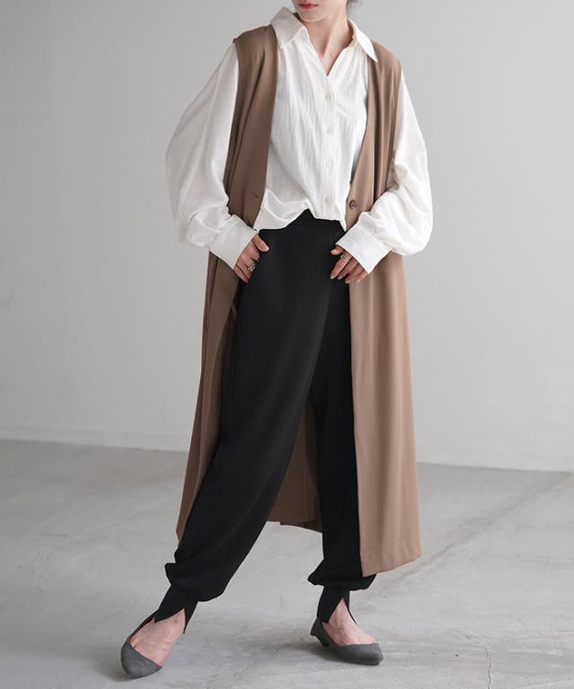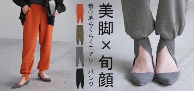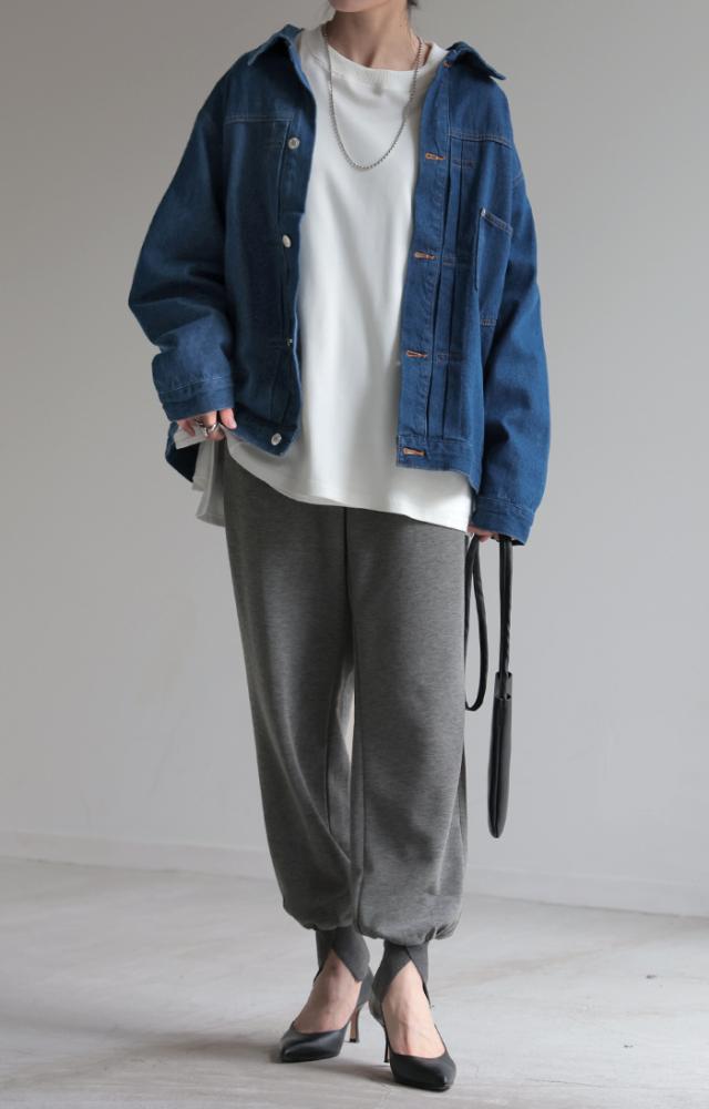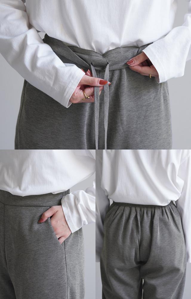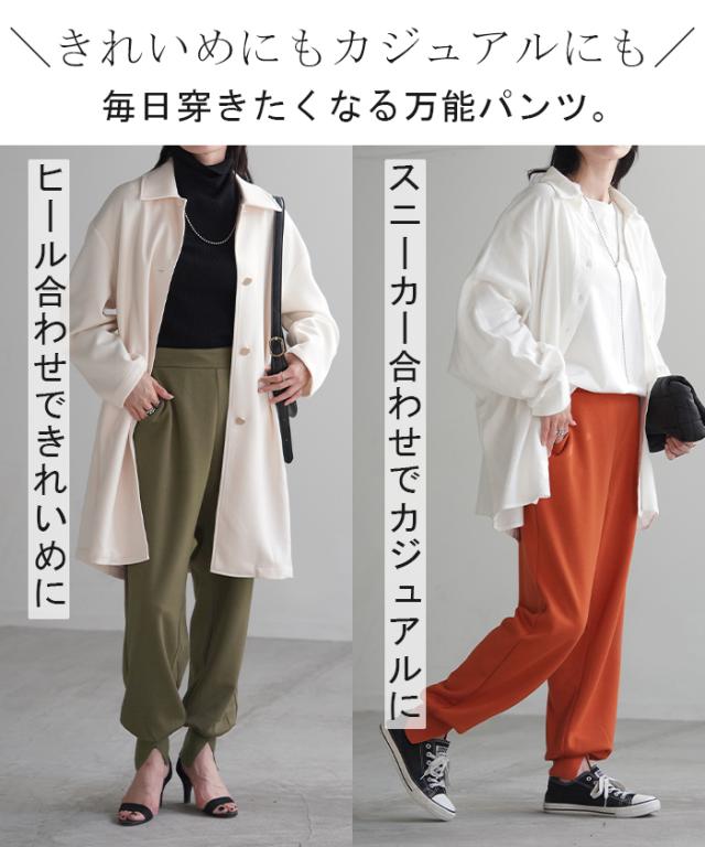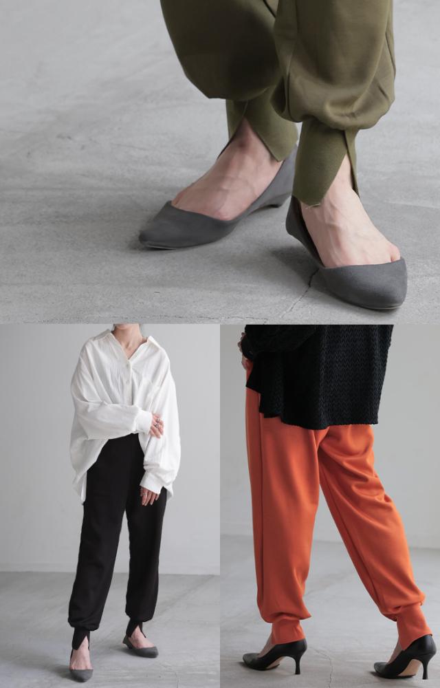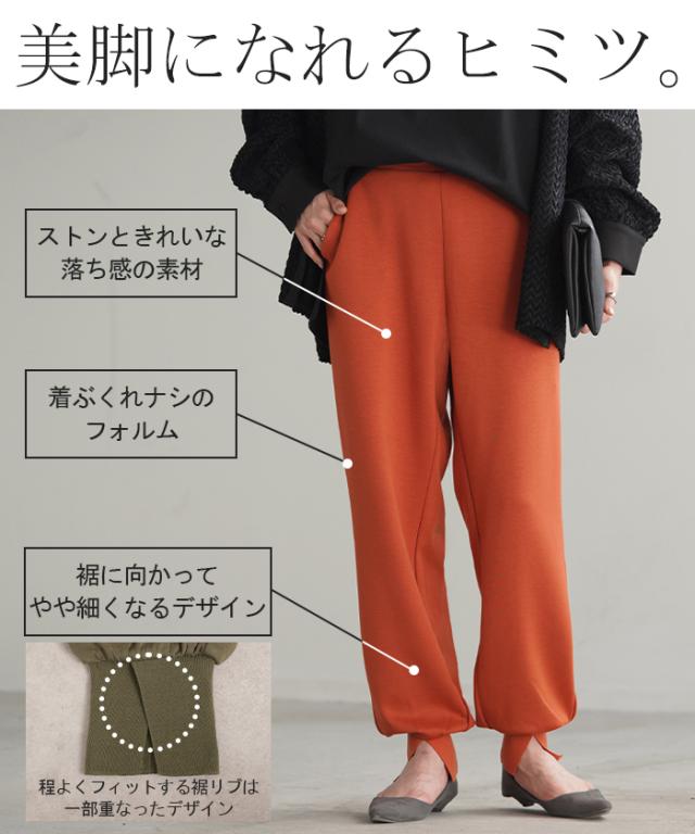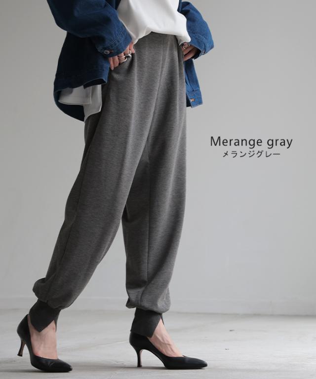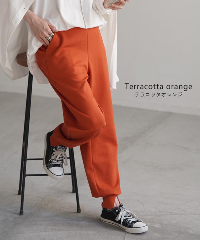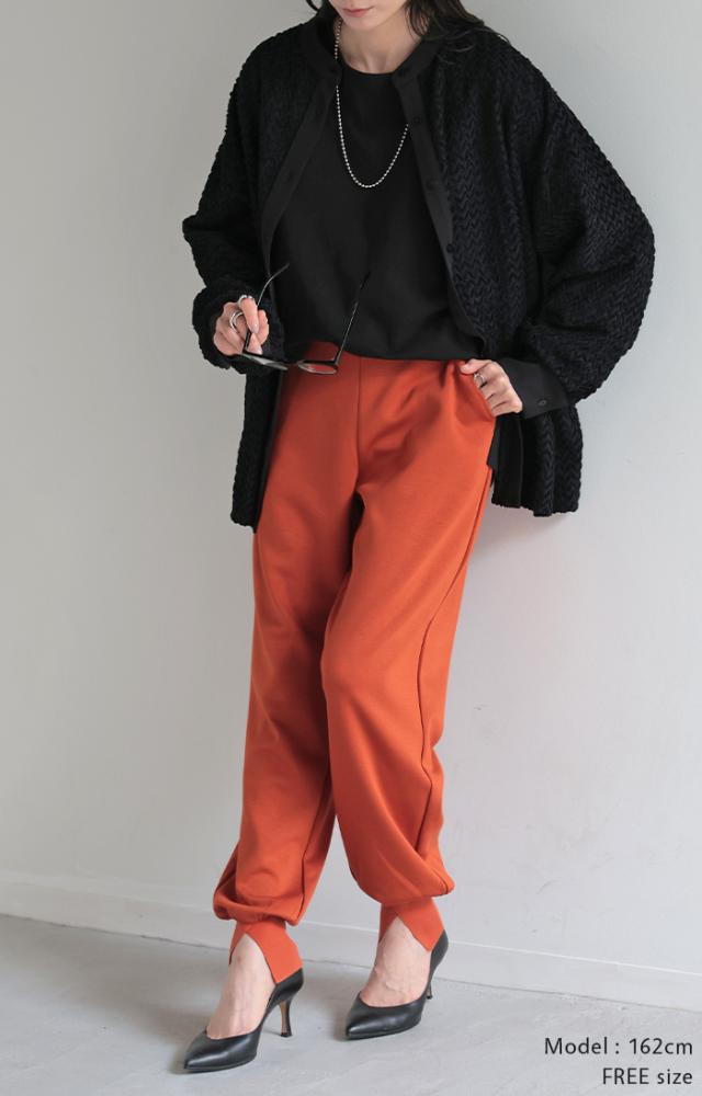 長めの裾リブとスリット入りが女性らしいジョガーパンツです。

———

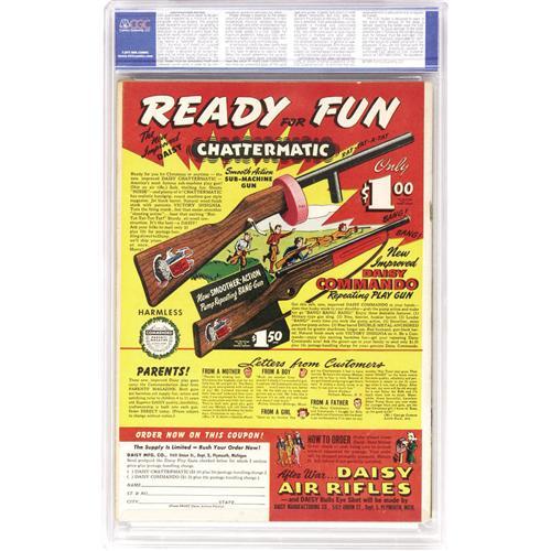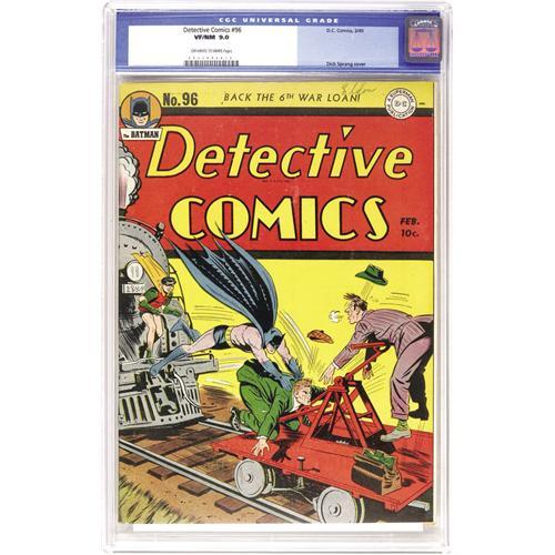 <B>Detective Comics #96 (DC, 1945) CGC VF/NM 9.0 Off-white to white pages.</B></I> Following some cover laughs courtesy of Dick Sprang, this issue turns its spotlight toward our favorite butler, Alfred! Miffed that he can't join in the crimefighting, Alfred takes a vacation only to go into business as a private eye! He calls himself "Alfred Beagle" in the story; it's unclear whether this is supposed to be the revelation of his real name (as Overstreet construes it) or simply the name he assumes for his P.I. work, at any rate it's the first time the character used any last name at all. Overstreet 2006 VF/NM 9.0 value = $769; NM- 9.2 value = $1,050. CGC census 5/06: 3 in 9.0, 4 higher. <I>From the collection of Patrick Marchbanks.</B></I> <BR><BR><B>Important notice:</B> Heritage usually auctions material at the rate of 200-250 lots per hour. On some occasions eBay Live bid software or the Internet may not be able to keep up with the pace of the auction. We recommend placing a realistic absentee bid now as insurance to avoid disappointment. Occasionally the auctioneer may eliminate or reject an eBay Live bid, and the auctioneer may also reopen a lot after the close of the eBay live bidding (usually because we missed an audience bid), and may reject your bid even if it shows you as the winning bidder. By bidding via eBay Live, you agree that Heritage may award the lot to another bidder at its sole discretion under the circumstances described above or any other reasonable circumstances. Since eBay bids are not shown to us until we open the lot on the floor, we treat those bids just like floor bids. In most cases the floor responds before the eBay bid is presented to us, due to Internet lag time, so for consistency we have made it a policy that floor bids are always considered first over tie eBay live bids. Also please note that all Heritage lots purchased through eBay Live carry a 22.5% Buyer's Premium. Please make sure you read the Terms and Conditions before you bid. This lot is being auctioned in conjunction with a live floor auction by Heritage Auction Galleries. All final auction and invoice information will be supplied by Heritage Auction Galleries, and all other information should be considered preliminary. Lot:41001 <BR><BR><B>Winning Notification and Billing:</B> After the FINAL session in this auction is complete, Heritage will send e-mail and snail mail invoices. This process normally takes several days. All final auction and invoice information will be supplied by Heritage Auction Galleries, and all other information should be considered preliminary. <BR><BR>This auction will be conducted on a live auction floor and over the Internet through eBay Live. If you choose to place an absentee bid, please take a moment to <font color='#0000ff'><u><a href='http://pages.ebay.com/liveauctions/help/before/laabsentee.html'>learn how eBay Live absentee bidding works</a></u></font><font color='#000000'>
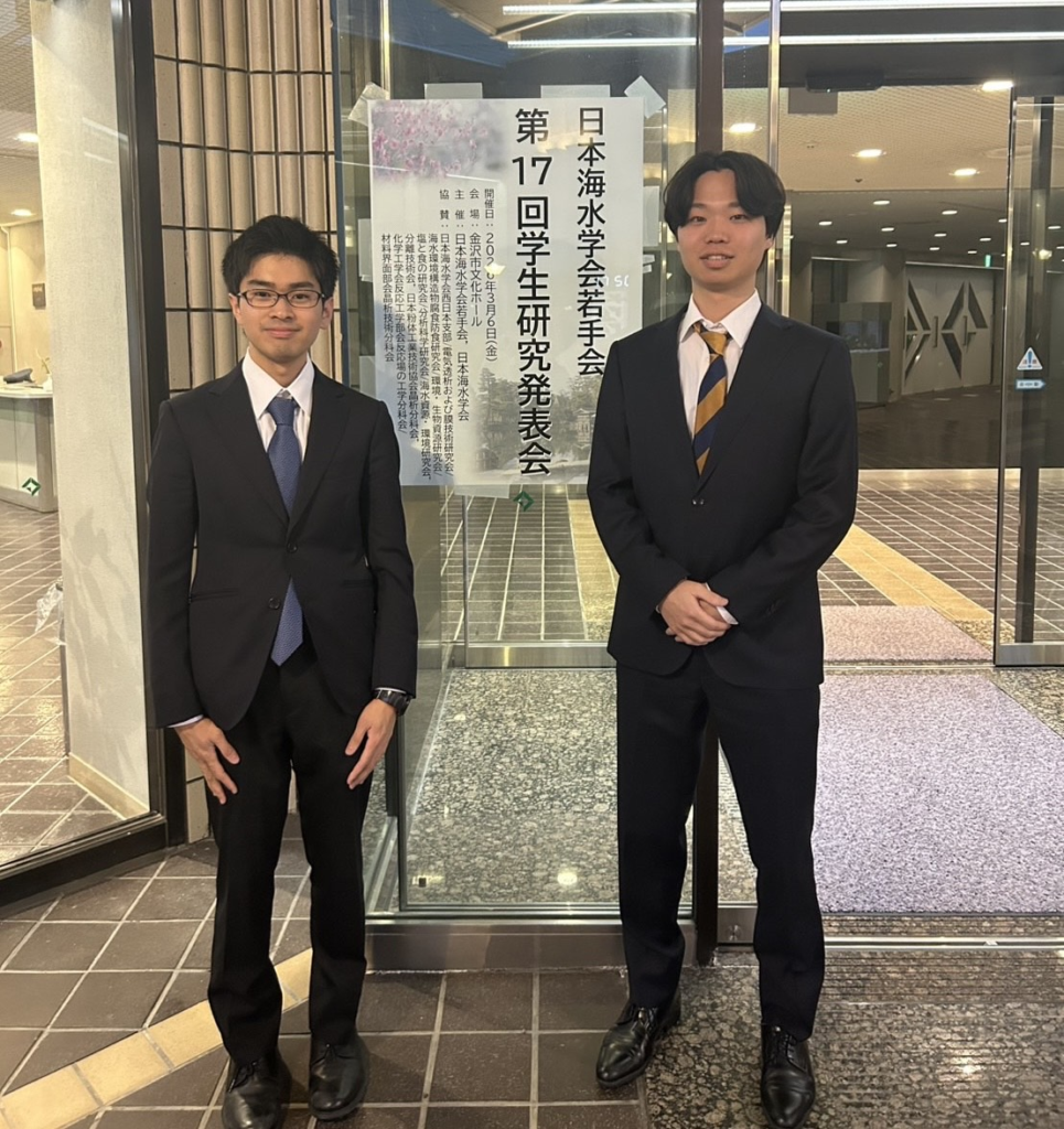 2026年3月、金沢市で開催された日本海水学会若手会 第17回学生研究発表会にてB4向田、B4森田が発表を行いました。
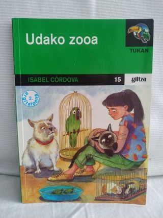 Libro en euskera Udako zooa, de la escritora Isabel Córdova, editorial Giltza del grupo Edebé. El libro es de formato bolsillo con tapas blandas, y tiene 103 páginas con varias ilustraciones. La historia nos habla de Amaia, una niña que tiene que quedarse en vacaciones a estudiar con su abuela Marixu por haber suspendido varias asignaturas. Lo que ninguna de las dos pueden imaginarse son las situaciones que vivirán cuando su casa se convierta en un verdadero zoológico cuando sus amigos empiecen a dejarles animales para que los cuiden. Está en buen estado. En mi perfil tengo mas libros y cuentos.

———

TASK PROMPT:
Only the lines of the listing above from the one with "2026年3月、金沢市で開催" through the one with "Libro en euskera" should be output, exactly, with both ends kept and pictures left out.

RESULT:
 2026年3月、金沢市で開催された日本海水学会若手会 第17回学生研究発表会にてB4向田、B4森田が発表を行いました。
 Libro en euskera Udako zooa, de la escritora Isabel Córdova, editorial Giltza del grupo Edebé. El libro es de formato bolsillo con tapas blandas, y tiene 103 páginas con varias ilustraciones. La historia nos habla de Amaia, una niña que tiene que quedarse en vacaciones a estudiar con su abuela Marixu por haber suspendido varias asignaturas. Lo que ninguna de las dos pueden imaginarse son las situaciones que vivirán cuando su casa se convierta en un verdadero zoológico cuando sus amigos empiecen a dejarles animales para que los cuiden. Está en buen estado. En mi perfil tengo mas libros y cuentos.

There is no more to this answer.